I LOVE Zoom Grooms. I had one for my bunnies (it got lost a few months ago, haven't gotten around to buying a replacement). I'll have to get a new one soon.


----------



## prati_miracleworx (Jun 6, 2011)

Wash your pet regularly. I do it on daily basis. Nails can be taken care of once in a week.


----------



## Loki Love (May 23, 2010)

prati_miracleworx said:


> Wash your pet regularly. I do it on daily basis. Nails can be taken care of once in a week.

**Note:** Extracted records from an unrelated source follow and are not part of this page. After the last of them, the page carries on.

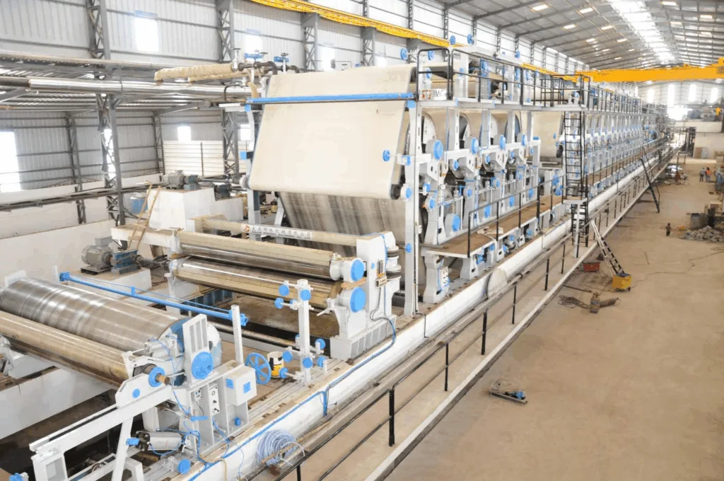 Bột giấy sau khi tinh chế được đưa lên Máy xeo giấy để tạo thành giấy thành phẩm.
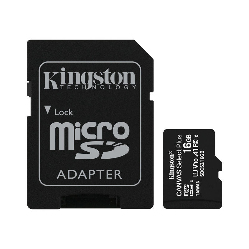Карта памяти Kingston Canvas Select Plus MicroSDHC 16Gb UHS-I U1 V10 100 Мб/с с адаптером SD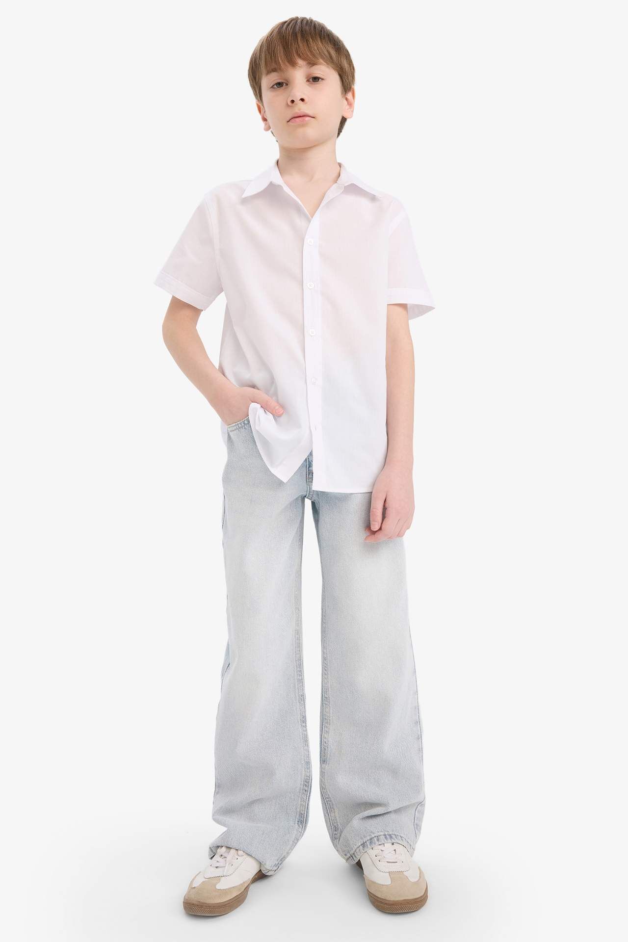 DeFacto Erkek Çocuk Okula Dönüş Regular Fit Polo Yaka Pamuklu Kısa Kollu Gömlek

I'd actually discourage washing your pet on a daily basis - it can have the opposite effect and end up drying out their skin.


----------



## Shell (Oct 19, 2009)

jfinner1 said:


> I actually was wishing that they had curry combs for dogs. I've only ever seen them for horses. Do they have curry combs for small dogs? Could you point me to a place to buy one?
> 
> I LOVE Zoom Grooms. I had one for my bunnies (it got lost a few months ago, haven't gotten around to buying a replacement). I'll have to get a new one soon.


You can get a foal curry comb, they are a bit softer rubber and pretty small, an oval about the size on an egg.


----------



## prati_miracleworx (Jun 6, 2011)

Loki Love said:


> I'd actually discourage washing your pet on a daily basis - it can have the opposite effect and end up drying out their skin.


 hmmm....actually depends on the climate....if it is dry enough, there's no need of daily bath....agreed


----------



## amberly (Feb 6, 2011)

They do shed quite a lot. Well can.
So you'll still want to bath and do nails on a regular basis. Try a zoom groom. You can use it in the tub while soaped up and while dry.


----------